Work to be completed -
Images don't belong in the copy. Output the rest of the data exactly.

Data block -

★ ★ ★ ★ ★ ★ ★

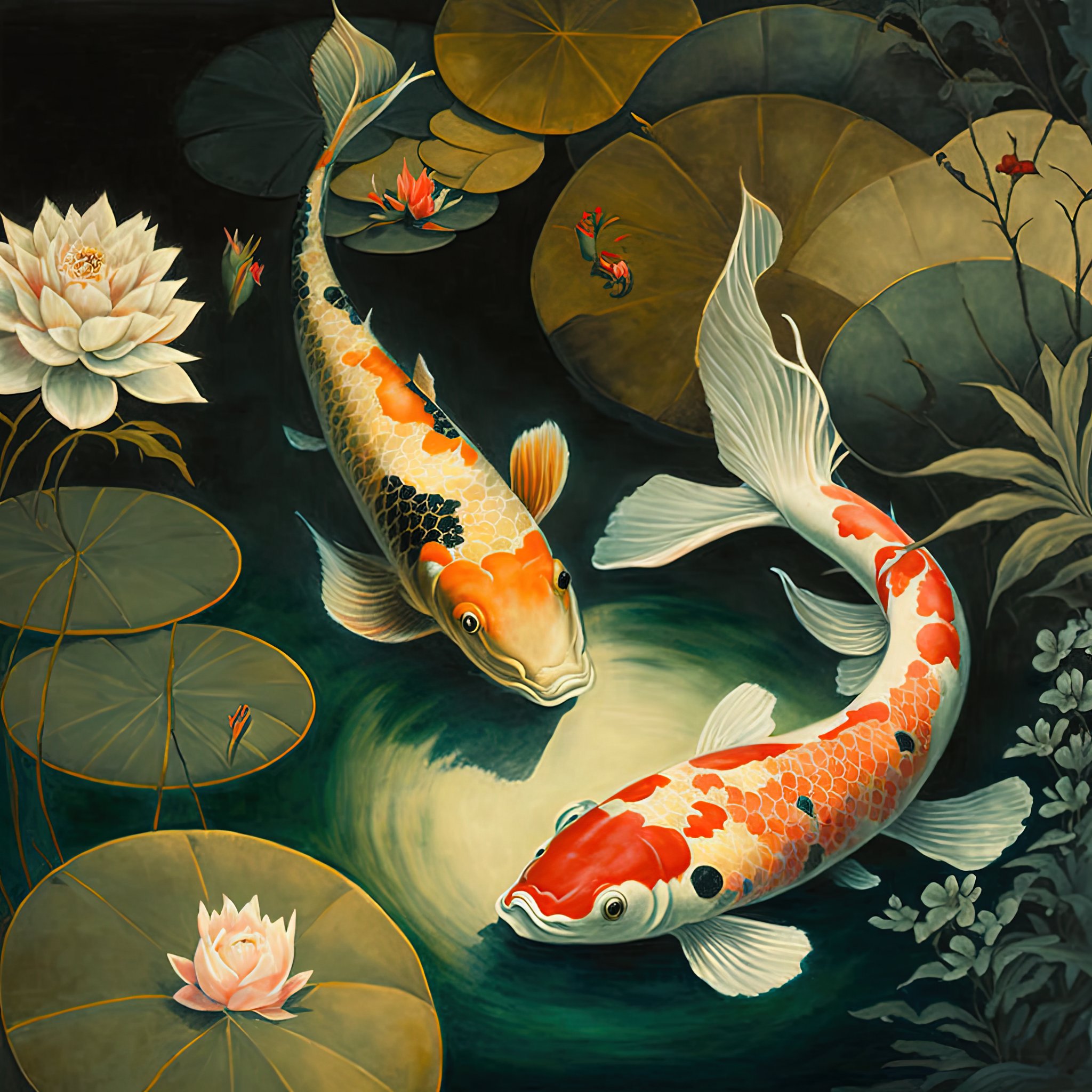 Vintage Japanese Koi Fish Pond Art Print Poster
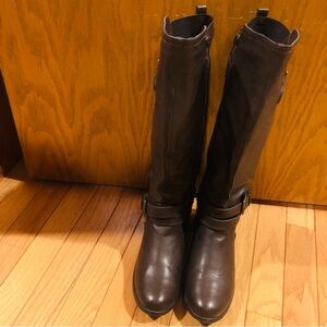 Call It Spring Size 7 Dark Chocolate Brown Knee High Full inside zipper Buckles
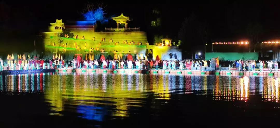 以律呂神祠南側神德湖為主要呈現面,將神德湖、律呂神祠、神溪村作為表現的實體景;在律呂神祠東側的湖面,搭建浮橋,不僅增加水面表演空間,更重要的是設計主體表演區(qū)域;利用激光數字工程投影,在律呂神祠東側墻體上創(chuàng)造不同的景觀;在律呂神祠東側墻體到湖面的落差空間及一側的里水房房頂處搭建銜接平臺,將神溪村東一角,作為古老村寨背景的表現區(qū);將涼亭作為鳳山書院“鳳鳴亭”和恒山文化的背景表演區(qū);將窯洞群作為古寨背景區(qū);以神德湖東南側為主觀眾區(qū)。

★ ★ ★ ★ ★ ★ ★

Exercise answer -
 Vintage Japanese Koi Fish Pond Art Print Poster
 Call It Spring Size 7 Dark Chocolate Brown Knee High Full inside zipper Buckles
 以律呂神祠南側神德湖為主要呈現面,將神德湖、律呂神祠、神溪村作為表現的實體景;在律呂神祠東側的湖面,搭建浮橋,不僅增加水面表演空間,更重要的是設計主體表演區(qū)域;利用激光數字工程投影,在律呂神祠東側墻體上創(chuàng)造不同的景觀;在律呂神祠東側墻體到湖面的落差空間及一側的里水房房頂處搭建銜接平臺,將神溪村東一角,作為古老村寨背景的表現區(qū);將涼亭作為鳳山書院“鳳鳴亭”和恒山文化的背景表演區(qū);將窯洞群作為古寨背景區(qū);以神德湖東南側為主觀眾區(qū)。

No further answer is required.